In its annual budget proposal (Miljoenennota) and letter Working on Growth, the Dutch Government announced its plan to send an Agenda Stad (the Dutch Urban Agenda) to parliament in 2015. This Agenda Stad comprises measures to strengthen growth, quality of life and innovation in Dutch cities. A more detailed version of Agenda Stad based on the key points below was agreed on in the council of Ministers on November 14th, 2014.
- Economic growth. International research shows that cities are increasingly important drivers of the economy.
- Increasing concentration of innovation and start-ups in the city. Urban areas are more and more responsible for approved patents.
- Cities determine the quality of life of a growing group of people. Issues like traffic jams, insecurity and unoccupied housing threaten the quality of life, and thereby the investment climate and competitiveness of the city.
Good position of cities not a given
Many Dutch cities and urban areas do well in international rankings, both in terms of competitiveness and quality of life. However, international competition between cities is on the rise. Dutch cities will need to anticipate on issues like climate change, inequality and unoccupied housing in order to stand out from others.

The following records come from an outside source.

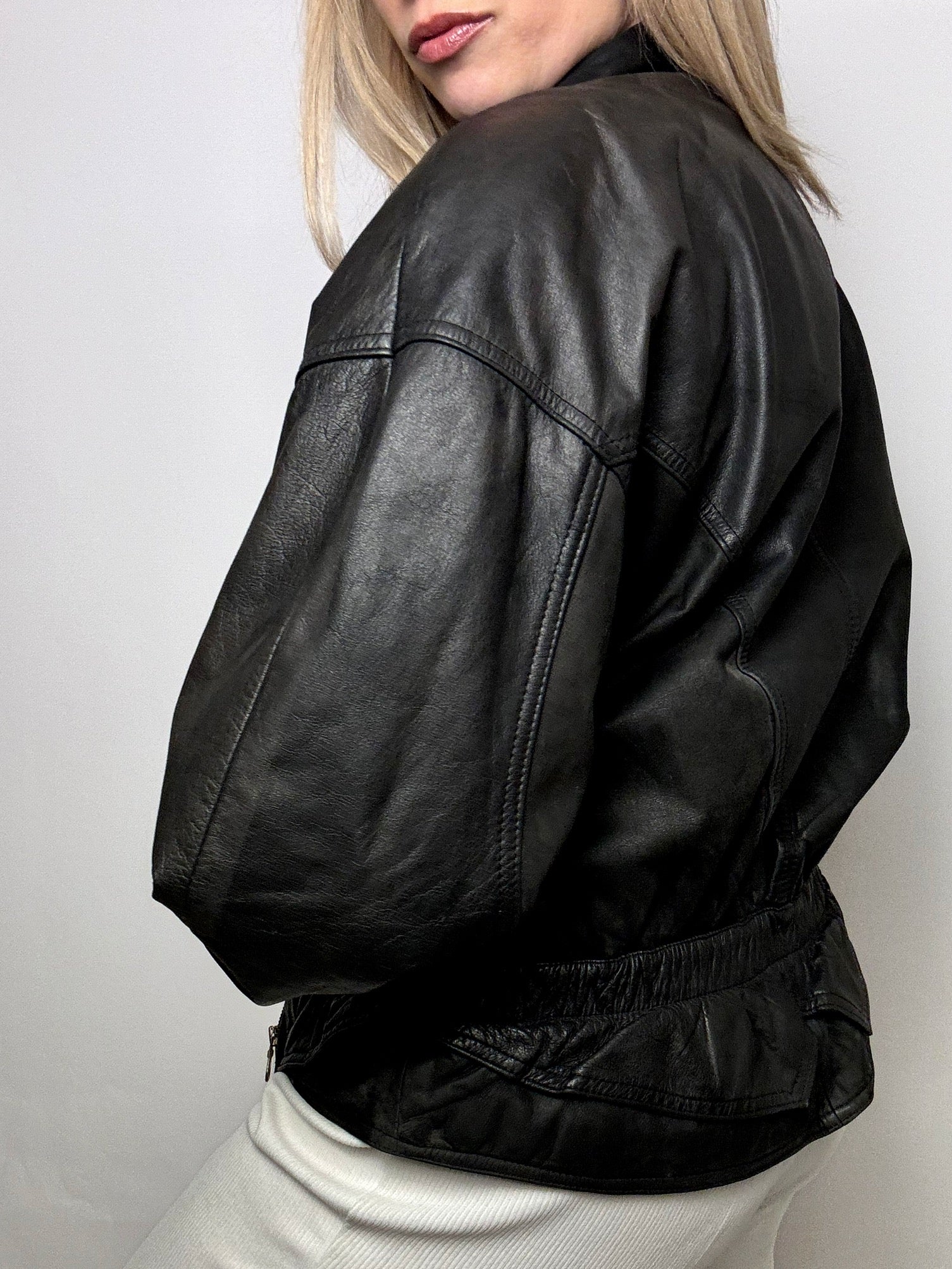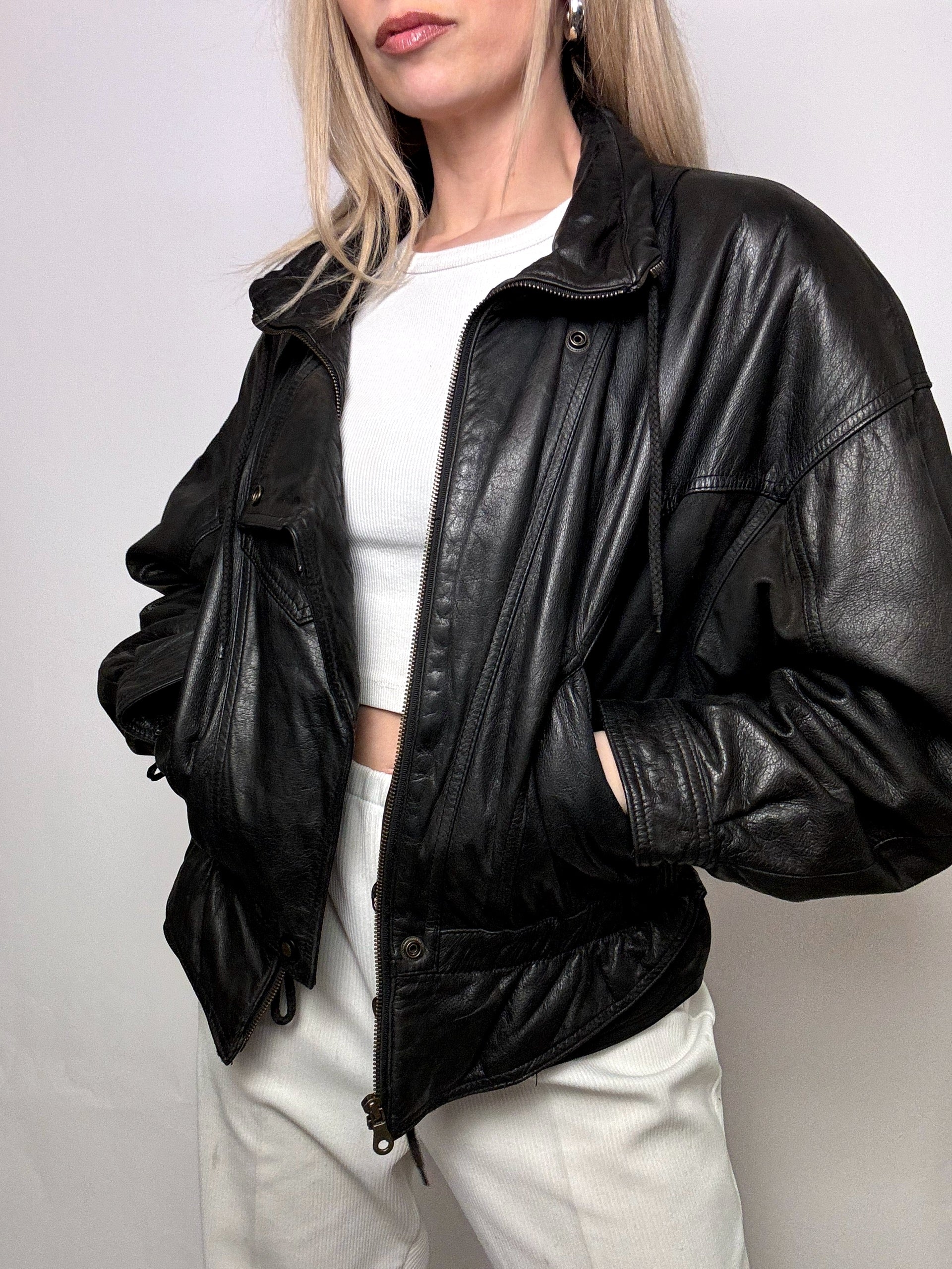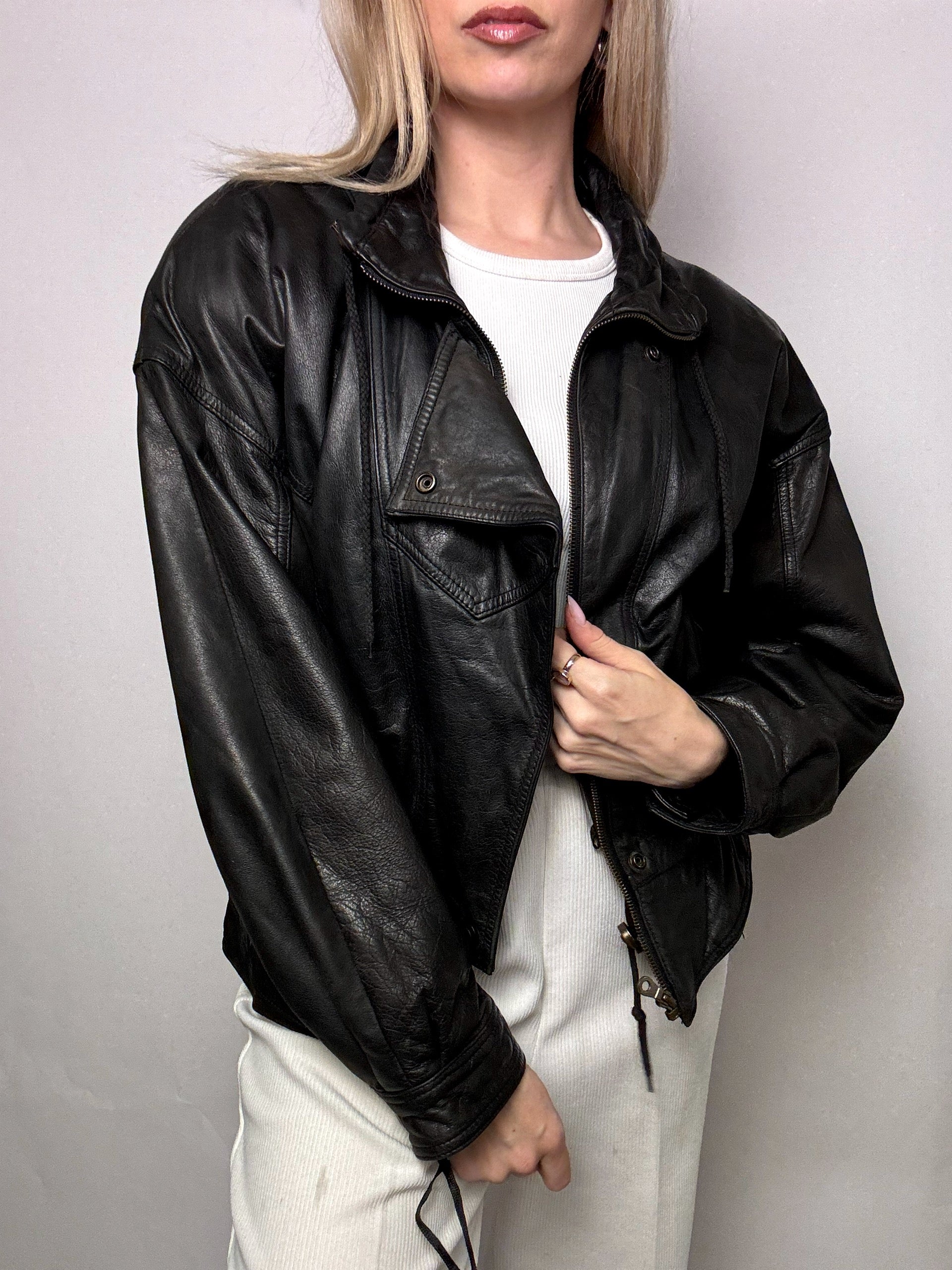 Blouson en cuir cintré noir M vintage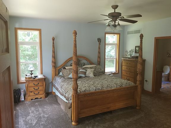 A private retreat, so close to town! 5 minutes from Crossroads Commons! Approx 2300 sq. ft. on the main level, approx. 1700 sq. ft. finished in the lower level. Walkout basement, heated floors in basement. Heating and Cooling with an open loop geo-thermal heat pump. Main floor features laundry, sunroom with 6 person hot tub, wood burning fireplace, and 2 bedrooms. Lower level features a kitchenette, wood burning fireplace, large full bathroom, large family room, and 2 more bedrooms. Also includes 30 x 40 detached garage, with large overhang.
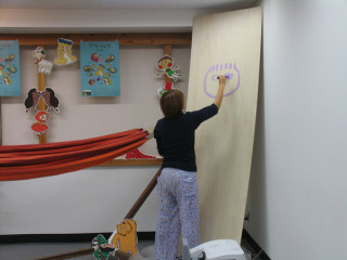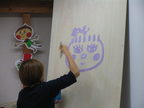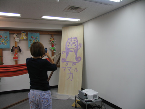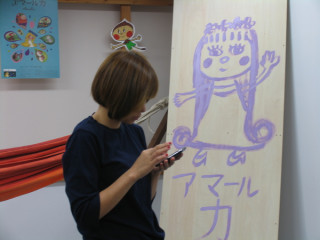 はじまりました! 『アマールカ』のユースト中継! ついさきほど、スタートしました! 会場の真ん中に描いてあるのは、 アマール力(ぢから)では、ありません。 ラベンダー色のペンキは、もちろん前に、こちらでご紹介した、カラーワークスさんで作ったオリジナルのペンキ。 できばえに、満足したのか、記念撮影をして、そのあと、ツイッターで、なにやらつぶやいたようです。 もうすでに、 1話終わるごとに、ツイッターで起きていることを証明するようなので、お話しが終わっても、ツイートがされなくなったときが、寝たときだとか。 はたして、何話見られるのでしょう? (ハッシュタグは、#hobo_eventです。) 2011/10/05 20:43 |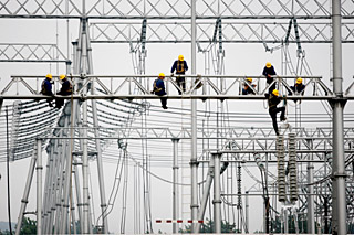 | 安徽省電力公司加快在建發(fā)電廠送出項(xiàng)目的建設(shè)速度,力爭早日并網(wǎng)發(fā)電,以緩解今夏華東電網(wǎng)用電缺口。圖為安徽省電力公司員工在淮北500千伏濉溪變電站進(jìn)行接火作業(yè)。新華社發(fā)(王文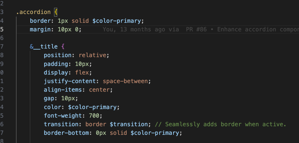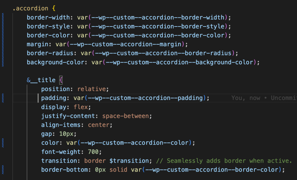 Normally, when styling a custom block like an accordion, our stylesheet use Sass variables. We now have many of our basic Sass variables linked to WordPress presets from the theme.json.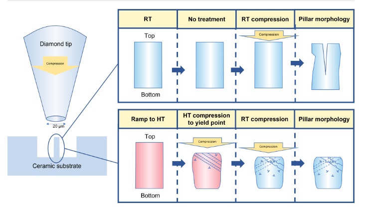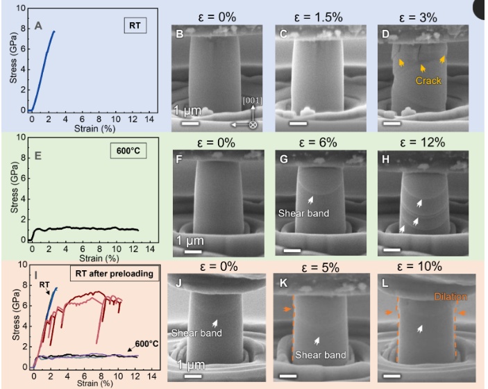 此前,該研究團(tuán)隊(duì)曾用閃速燒結(jié)增強(qiáng)釔穩(wěn)定氧化鋯等陶瓷材料的塑性,但該方法因其主要用于氧化物陶瓷而缺乏擴(kuò)展性。由預(yù)加載缺陷思路為指導(dǎo),研究團(tuán)隊(duì)引入包括位錯(cuò)和孿晶等高密度缺陷后,測(cè)試陶瓷微柱樣品,明確其可在室溫下實(shí)現(xiàn)相當(dāng)大的塑性。

A number of advisory boards have pointed at potential threats to Dutch cities: lagging productivity growth, innovations that don’t transcend the pilot-stage, governmental inertia, uncoordinated profiling and a lack of investments in research and development. These threats highlight the need to prepare the Dutch network of cities for the challenges coming its way.
Ambition: Dutch cities in the lead worldwide
Agenda Stad strives to work together with cities and stakeholders to position Dutch cities in the lead worldwide, both in terms of competitiveness and quality of life. Therefore the Agenda Stad has been formulated in such a way that it provides concrete short-term actions on the one hand and long-term strategic guidelines on the other.
To improve cooperation between government, entrepreneurs and the public in the city, three leading perspectives are important:
- Eliminating obstacles. Cities need the resources and regulatory space to grow, differentiate and experiment
- Cooperation within and between urban areas. Cities can strengthen their position internationally by combining their efforts and working together across administrative boundaries.
- Creating conditions for (system) innovation. An infrastructure with open data, energy networks and good transport concepts can add quality to cities and thus create new opportunities for entrepreneurs.